Task brief:
Print the data below exactly as it stands, and keep the pictures out.

Information supplied:
* * *

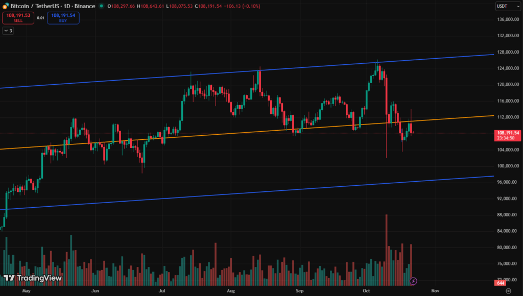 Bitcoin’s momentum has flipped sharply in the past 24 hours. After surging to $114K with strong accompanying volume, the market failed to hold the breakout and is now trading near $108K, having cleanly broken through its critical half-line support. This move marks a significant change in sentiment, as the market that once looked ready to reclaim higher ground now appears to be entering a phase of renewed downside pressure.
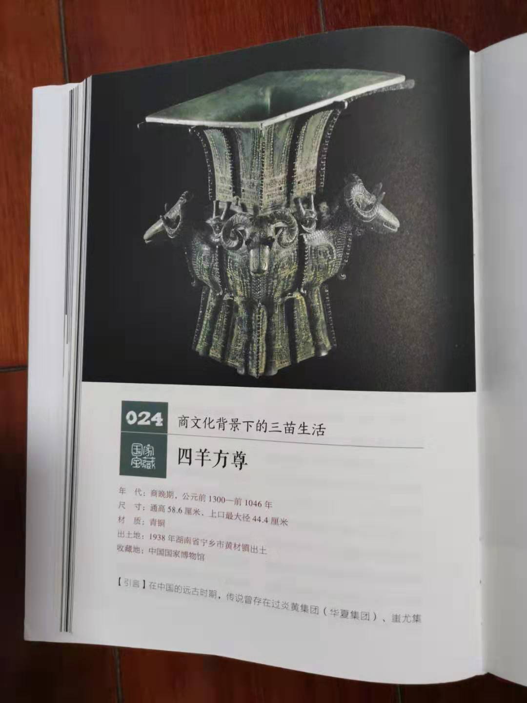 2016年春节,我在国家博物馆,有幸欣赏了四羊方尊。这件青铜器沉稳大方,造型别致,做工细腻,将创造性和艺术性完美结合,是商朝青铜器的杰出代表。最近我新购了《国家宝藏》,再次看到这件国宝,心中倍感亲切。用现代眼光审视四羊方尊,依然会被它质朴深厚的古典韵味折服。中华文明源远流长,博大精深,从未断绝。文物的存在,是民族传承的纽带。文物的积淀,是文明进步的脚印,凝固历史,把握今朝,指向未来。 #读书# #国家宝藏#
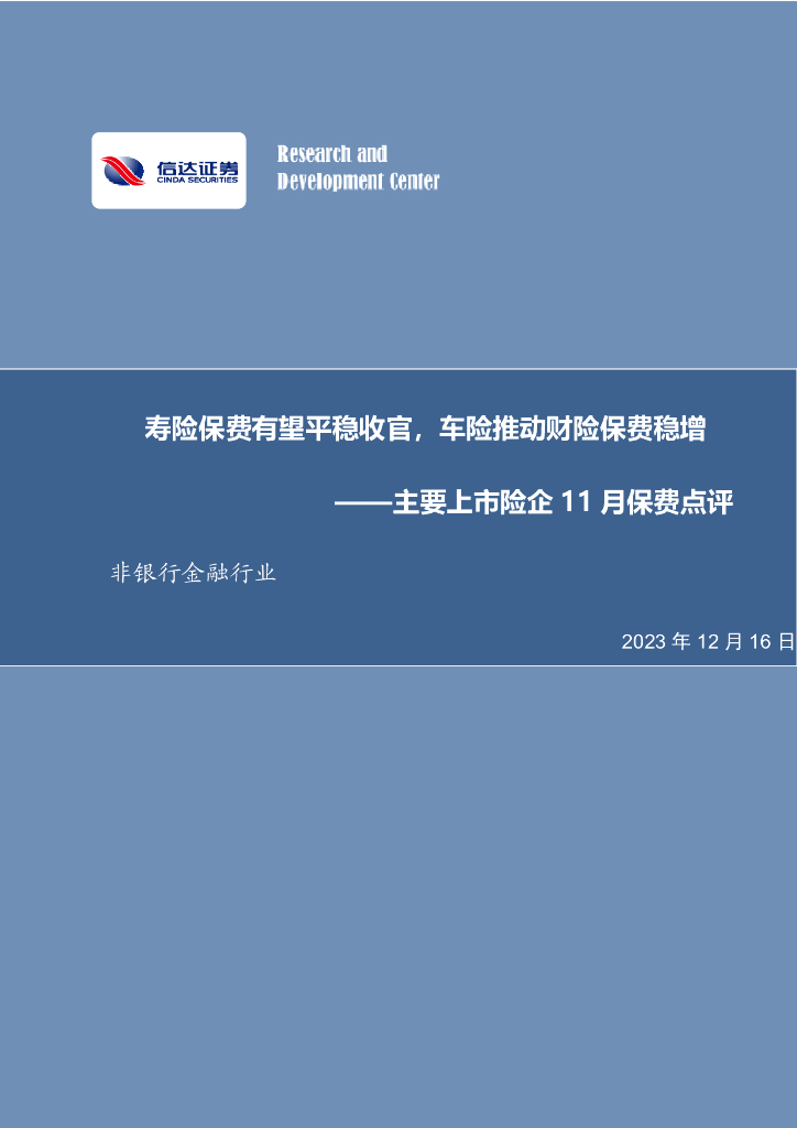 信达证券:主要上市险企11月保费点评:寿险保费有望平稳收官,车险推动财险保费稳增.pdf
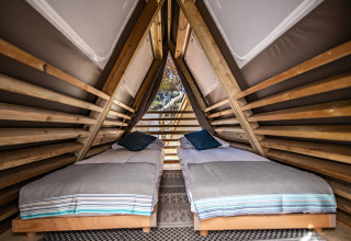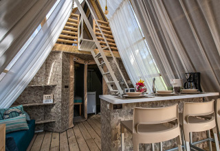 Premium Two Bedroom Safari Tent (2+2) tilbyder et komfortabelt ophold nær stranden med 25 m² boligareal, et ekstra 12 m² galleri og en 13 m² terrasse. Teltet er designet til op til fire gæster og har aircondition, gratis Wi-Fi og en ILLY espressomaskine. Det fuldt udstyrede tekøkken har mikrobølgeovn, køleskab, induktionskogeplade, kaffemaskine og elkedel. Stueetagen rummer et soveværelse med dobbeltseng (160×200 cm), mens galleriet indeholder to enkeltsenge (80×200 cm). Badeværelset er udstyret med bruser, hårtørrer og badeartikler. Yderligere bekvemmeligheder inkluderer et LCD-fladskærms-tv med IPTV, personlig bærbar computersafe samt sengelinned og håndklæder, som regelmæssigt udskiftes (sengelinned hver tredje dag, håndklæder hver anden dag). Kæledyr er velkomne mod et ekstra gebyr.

* * *

Exercise answer:
 Bitcoin’s momentum has flipped sharply in the past 24 hours. After surging to $114K with strong accompanying volume, the market failed to hold the breakout and is now trading near $108K, having cleanly broken through its critical half-line support. This move marks a significant change in sentiment, as the market that once looked ready to reclaim higher ground now appears to be entering a phase of renewed downside pressure.
 2016年春节,我在国家博物馆,有幸欣赏了四羊方尊。这件青铜器沉稳大方,造型别致,做工细腻,将创造性和艺术性完美结合,是商朝青铜器的杰出代表。最近我新购了《国家宝藏》,再次看到这件国宝,心中倍感亲切。用现代眼光审视四羊方尊,依然会被它质朴深厚的古典韵味折服。中华文明源远流长,博大精深,从未断绝。文物的存在,是民族传承的纽带。文物的积淀,是文明进步的脚印,凝固历史,把握今朝,指向未来。 #读书# #国家宝藏#
 信达证券:主要上市险企11月保费点评:寿险保费有望平稳收官,车险推动财险保费稳增.pdf
 Premium Two Bedroom Safari Tent (2+2) tilbyder et komfortabelt ophold nær stranden med 25 m² boligareal, et ekstra 12 m² galleri og en 13 m² terrasse. Teltet er designet til op til fire gæster og har aircondition, gratis Wi-Fi og en ILLY espressomaskine. Det fuldt udstyrede tekøkken har mikrobølgeovn, køleskab, induktionskogeplade, kaffemaskine og elkedel. Stueetagen rummer et soveværelse med dobbeltseng (160×200 cm), mens galleriet indeholder to enkeltsenge (80×200 cm). Badeværelset er udstyret med bruser, hårtørrer og badeartikler. Yderligere bekvemmeligheder inkluderer et LCD-fladskærms-tv med IPTV, personlig bærbar computersafe samt sengelinned og håndklæder, som regelmæssigt udskiftes (sengelinned hver tredje dag, håndklæder hver anden dag). Kæledyr er velkomne mod et ekstra gebyr.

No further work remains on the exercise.